#### Exercise requirements:
From the listing that follows, reproduce only the lines from the one holding "Micro-ondas Midea vai" through the one holding "Die OXO Good", both included, with no pictures.

[Opening Data section]

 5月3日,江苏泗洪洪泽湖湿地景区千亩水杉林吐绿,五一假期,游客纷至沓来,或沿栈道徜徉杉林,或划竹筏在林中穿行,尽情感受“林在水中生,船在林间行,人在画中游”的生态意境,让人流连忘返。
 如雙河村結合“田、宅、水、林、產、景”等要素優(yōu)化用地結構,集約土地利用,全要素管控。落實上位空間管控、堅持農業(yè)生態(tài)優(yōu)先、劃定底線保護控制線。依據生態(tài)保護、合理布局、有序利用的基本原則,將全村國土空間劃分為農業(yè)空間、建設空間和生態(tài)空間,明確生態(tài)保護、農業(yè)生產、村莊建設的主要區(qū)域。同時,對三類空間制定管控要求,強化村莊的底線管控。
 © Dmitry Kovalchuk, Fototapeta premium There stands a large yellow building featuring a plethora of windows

[Closing Data section]
[Opening Data section]

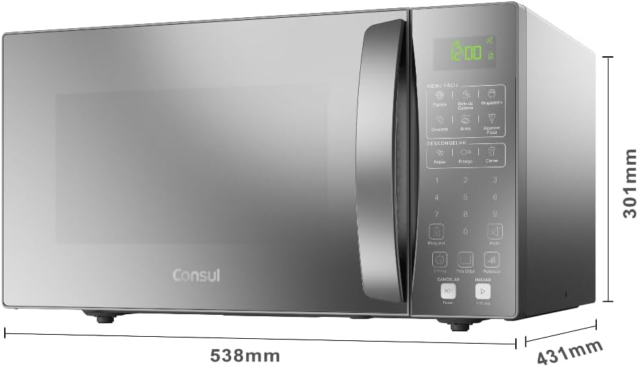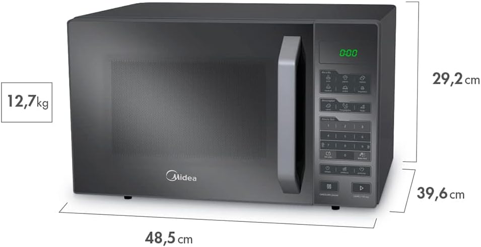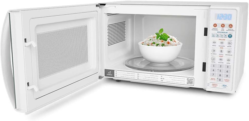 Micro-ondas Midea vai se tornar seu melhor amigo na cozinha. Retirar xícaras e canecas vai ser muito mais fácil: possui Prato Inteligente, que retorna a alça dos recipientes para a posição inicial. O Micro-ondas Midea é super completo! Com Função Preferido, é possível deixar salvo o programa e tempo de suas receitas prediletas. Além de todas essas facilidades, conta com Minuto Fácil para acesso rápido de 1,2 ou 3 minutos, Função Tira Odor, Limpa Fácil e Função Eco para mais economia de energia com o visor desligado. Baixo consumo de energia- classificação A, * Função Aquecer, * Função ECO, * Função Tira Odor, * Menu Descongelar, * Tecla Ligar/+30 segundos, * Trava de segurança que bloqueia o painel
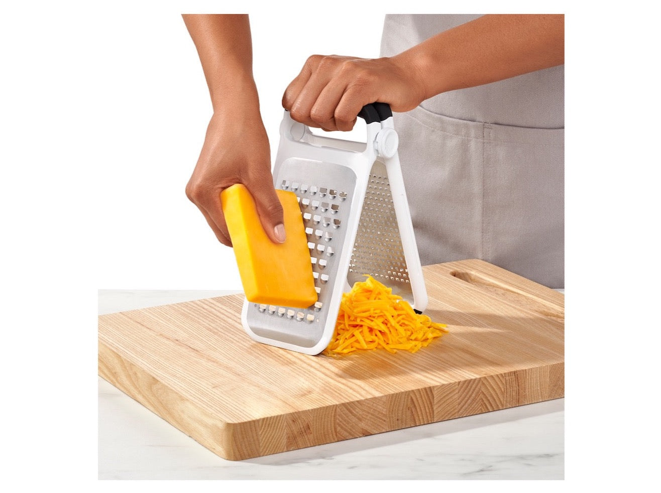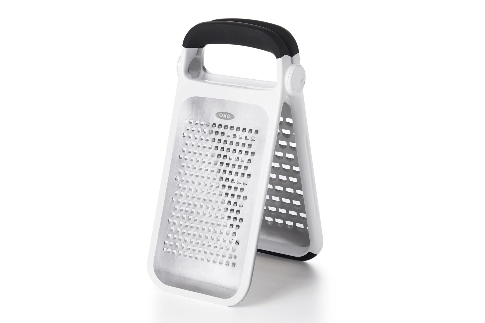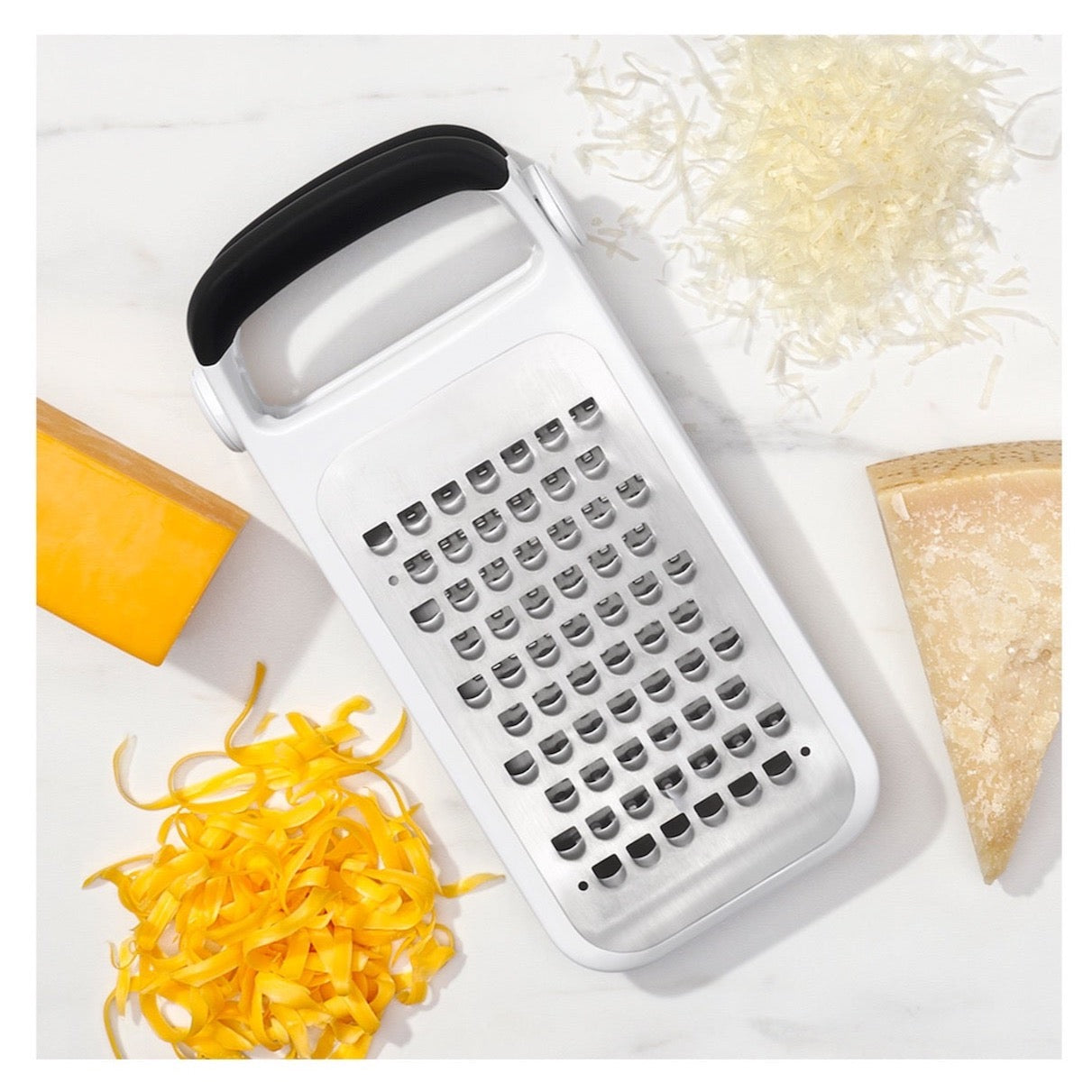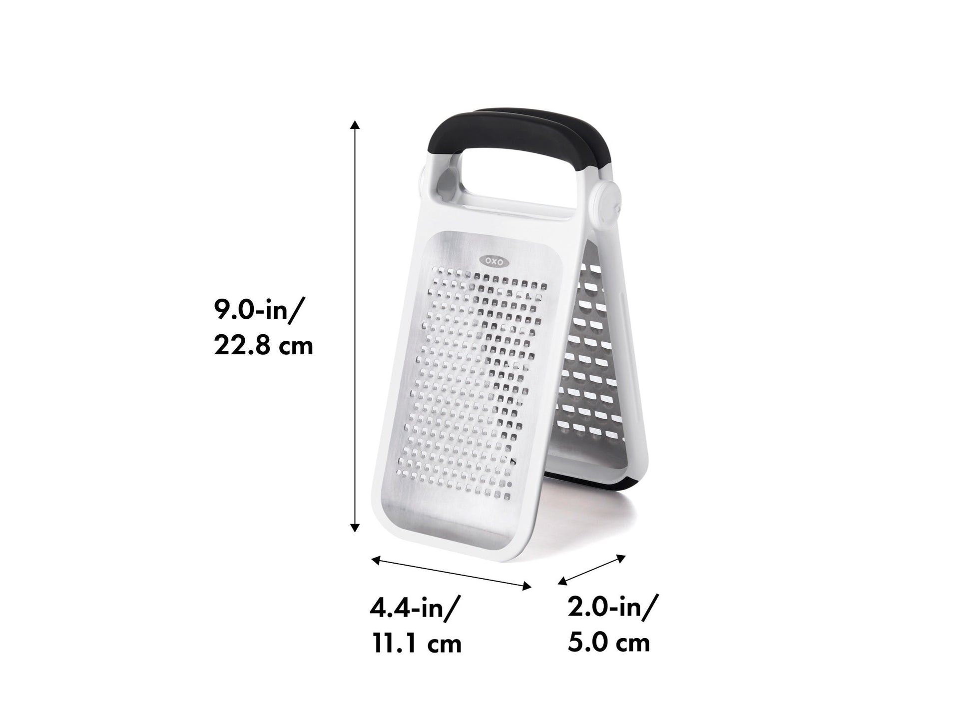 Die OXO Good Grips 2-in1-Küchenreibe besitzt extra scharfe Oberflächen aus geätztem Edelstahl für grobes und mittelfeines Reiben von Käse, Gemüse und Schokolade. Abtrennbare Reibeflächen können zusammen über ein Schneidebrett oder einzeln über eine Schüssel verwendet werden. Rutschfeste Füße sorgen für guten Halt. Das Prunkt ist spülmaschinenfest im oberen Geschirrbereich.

[Closing Data section]
[Opening Data section]

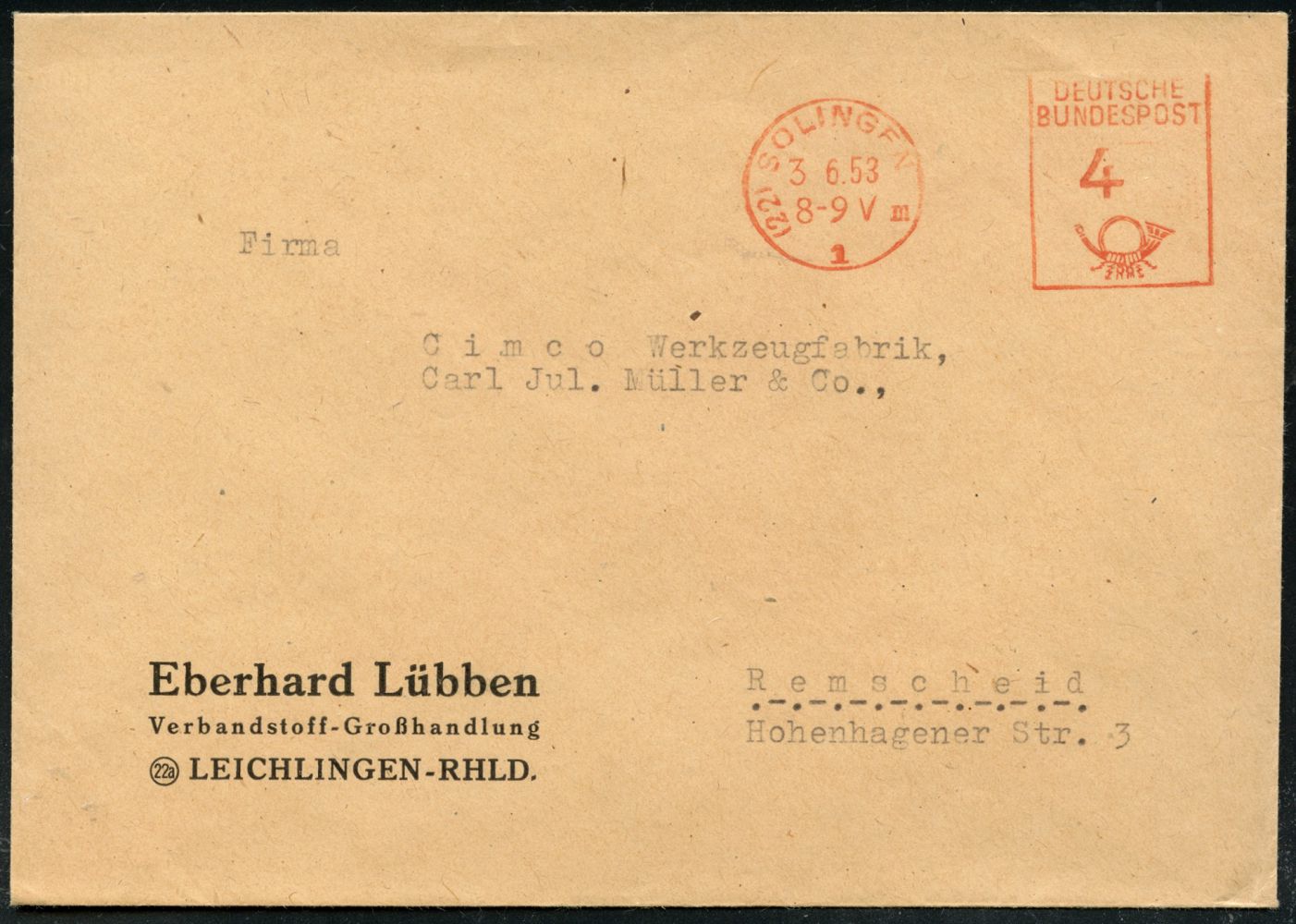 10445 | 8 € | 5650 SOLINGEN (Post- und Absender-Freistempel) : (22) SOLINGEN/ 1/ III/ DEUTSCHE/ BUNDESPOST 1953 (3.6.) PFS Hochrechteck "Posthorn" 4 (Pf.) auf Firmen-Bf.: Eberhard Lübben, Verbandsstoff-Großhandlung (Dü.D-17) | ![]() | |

[Closing Data section]

#### Answer box:
 Micro-ondas Midea vai se tornar seu melhor amigo na cozinha. Retirar xícaras e canecas vai ser muito mais fácil: possui Prato Inteligente, que retorna a alça dos recipientes para a posição inicial. O Micro-ondas Midea é super completo! Com Função Preferido, é possível deixar salvo o programa e tempo de suas receitas prediletas. Além de todas essas facilidades, conta com Minuto Fácil para acesso rápido de 1,2 ou 3 minutos, Função Tira Odor, Limpa Fácil e Função Eco para mais economia de energia com o visor desligado. Baixo consumo de energia- classificação A, * Função Aquecer, * Função ECO, * Função Tira Odor, * Menu Descongelar, * Tecla Ligar/+30 segundos, * Trava de segurança que bloqueia o painel
 Die OXO Good Grips 2-in1-Küchenreibe besitzt extra scharfe Oberflächen aus geätztem Edelstahl für grobes und mittelfeines Reiben von Käse, Gemüse und Schokolade. Abtrennbare Reibeflächen können zusammen über ein Schneidebrett oder einzeln über eine Schüssel verwendet werden. Rutschfeste Füße sorgen für guten Halt. Das Prunkt ist spülmaschinenfest im oberen Geschirrbereich.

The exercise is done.